Несмотря на локацию спектакля в одном и том же месте — доме Пауля, художник Зиновий Марголин создал, по сути, универсальную, многозначную конструкцию, верхняя часть которой — жилой интерьер с кроватью, шкафом, в котором одиноко висит платье Мари и который в больном воображении Пауля играет роль мистического портала в другой мир. Здесь же — мягкий диван и столик, заваленный афишами и фотографиями Мари — «алтарь» любви. В нижнем ярусе этой конструкции — гараж, где хранится катер, застывший под тентом, как кажется, навсегда, тут же — гриль, угли которого помешивает Пауль, разжигая свое воображение, обернувшееся в итоге адским пламенем за окном, ванна — с занавеской, где Паулю навязчиво мерещится его жена. Это пространство устроено так, что способно мгновенно трансформироваться из бытового в символическое — и наоборот, но, кроме того, создано в радикальной для оперного спектакля конфигурации.

Суть ее в том, что сценический павильон размещен над оркестровой ямой, а оркестр выведен на сцену, но не к публике, а в невидимое место — за экран «мертвого города». Это решение технически усложнило музыкальную часть спектакля: оркестр оказался за спиной у певцов, вынужденных теперь следить за дирижером через экраны.
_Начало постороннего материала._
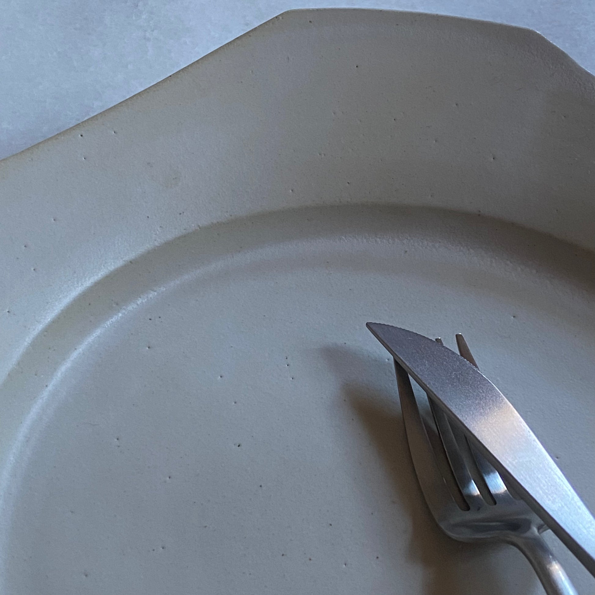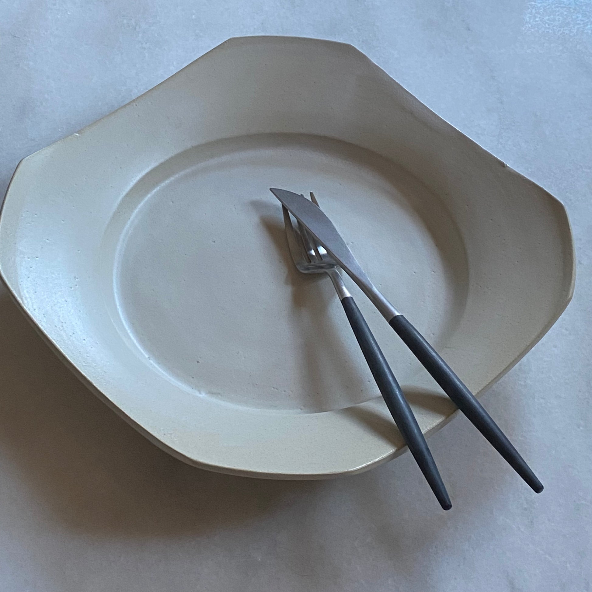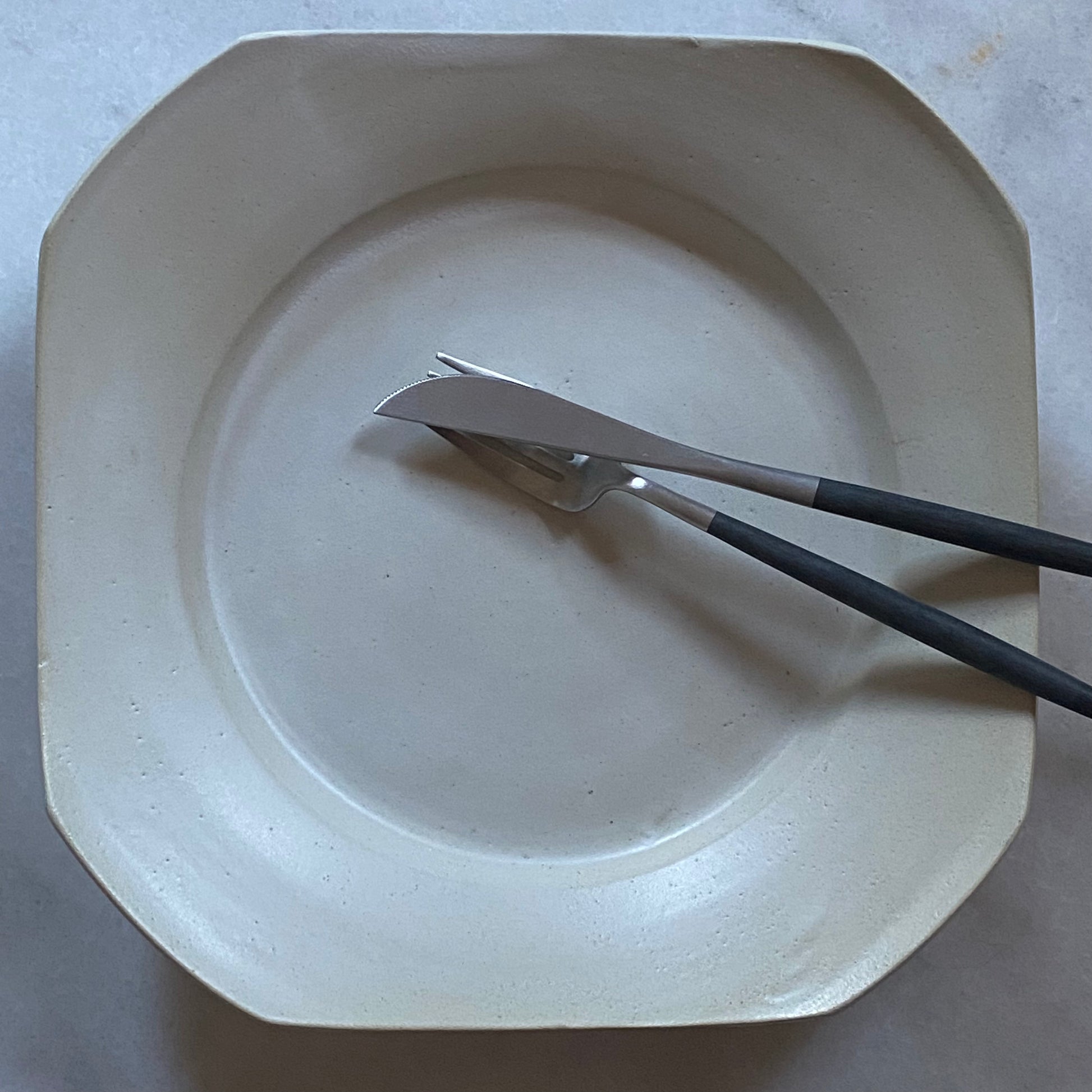 Grande assiette en grès de saint-amand, ronde et carrée pour réconcilier la cuisine moderne avec la sobrieté d'une assiette, grande et universelle.

Но цель его — выдвинуть на передний план героев оперы, все «психоаналитические» подробности их переживаний, соединить, по сути, сценический формат с кинематографическим. Оркестр при таком раскладе, учитывая его огромный состав и крупную звуковую фактуру, отсылающую к пышным оркестровым материям Пуччини, Рихарда Штрауса, Вагнера, ничего не потерял, звучал мощно и динамически сбалансировано, ни разу не утопив в своем «океане» голоса певцов. А им в этой опере во всех отношениях сложно: вокальные партии у Корнгольда прописаны в экспрессионистском ключе — на пределе пения и взрывной декламации. Артисты освоили этот материал блестяще. Музыкальный уровень спектакля впечатлил не только оркестровой красотой, естественностью, ясностью в распутывании корнгольдовского музыкального лабиринта (дирижер Валентин Урюпин), но точными актерскими работами, скоординированностью всех исполнителей, включая сложнейшие сцены, где, например, в невротическом мороке Пауля (Рольф Ромей, Швейцария) его рваные, короткие вокальные реплики накладывались на мерное шествие монстров и на плотную, массивную фактуру оркестра.

Бархатов серьезно трансформировал сюжет оперы, оставив в спектакле жену Пауля Мари живой. Она не умерла, а ушла от мужа, который впал из-за этого в маниакально-депрессивное состояние, постоянно прокручивая в мыслях прежнюю жизнь. Происходящее на сцене — одновременно и реальность (в аудиозаставке звучат голоса расстающихся супругов, пришедших на сеанс к психотерапевту), и воспоминания, в которых всплывают события с участием жены, и образы его больного разума, рождающего чудовищ. Роль психотерапевта в этой истории достается другу Пауля Франку (Артем Гарнов), а жена Мари (Марина Нерабеева) оказывается актрисой и одновременно — Мариэттой (в первоисточнике — женщиной, похожей на умершую жену Пауля и тем самым будоражащей и раздражающей его). В спектакле Мариэтта сливается с «двойником», в ней Пауль видит свое прошлое, свою жену, которой приписывает черты la femme fatale. А веселая Мариэттта/Мари устраивает богемные вечеринки в доме, один из ее друзей Фриц (Василий Ладюк) проникновенно поет ей знаменитый корнгольдовский шлягер Mein sehnen mein Wähnen («Мое стремление, мое желание»), вызывая ревность Пауля и распаляя его воображение. В своем больном сознании он доходит до жутких галлюцинаций: в одной из таких сцен топит Мариэтту в ванной, а затем, все глубже погружаясь в собственный кошмар, оказывается в ванной сам — в парике и платье жены. По сути, это психоаналитическая развязка, освободившая Пауля от навязчивого фантома. Финал запутанной истории — патетически голливудский: Пауль на катере торжественно отправляется из «мертвого города» в новую жизнь. И для Корнгольда, прославившегося в первую очередь своей киномузыкой в Голливуде, это кажется уместным.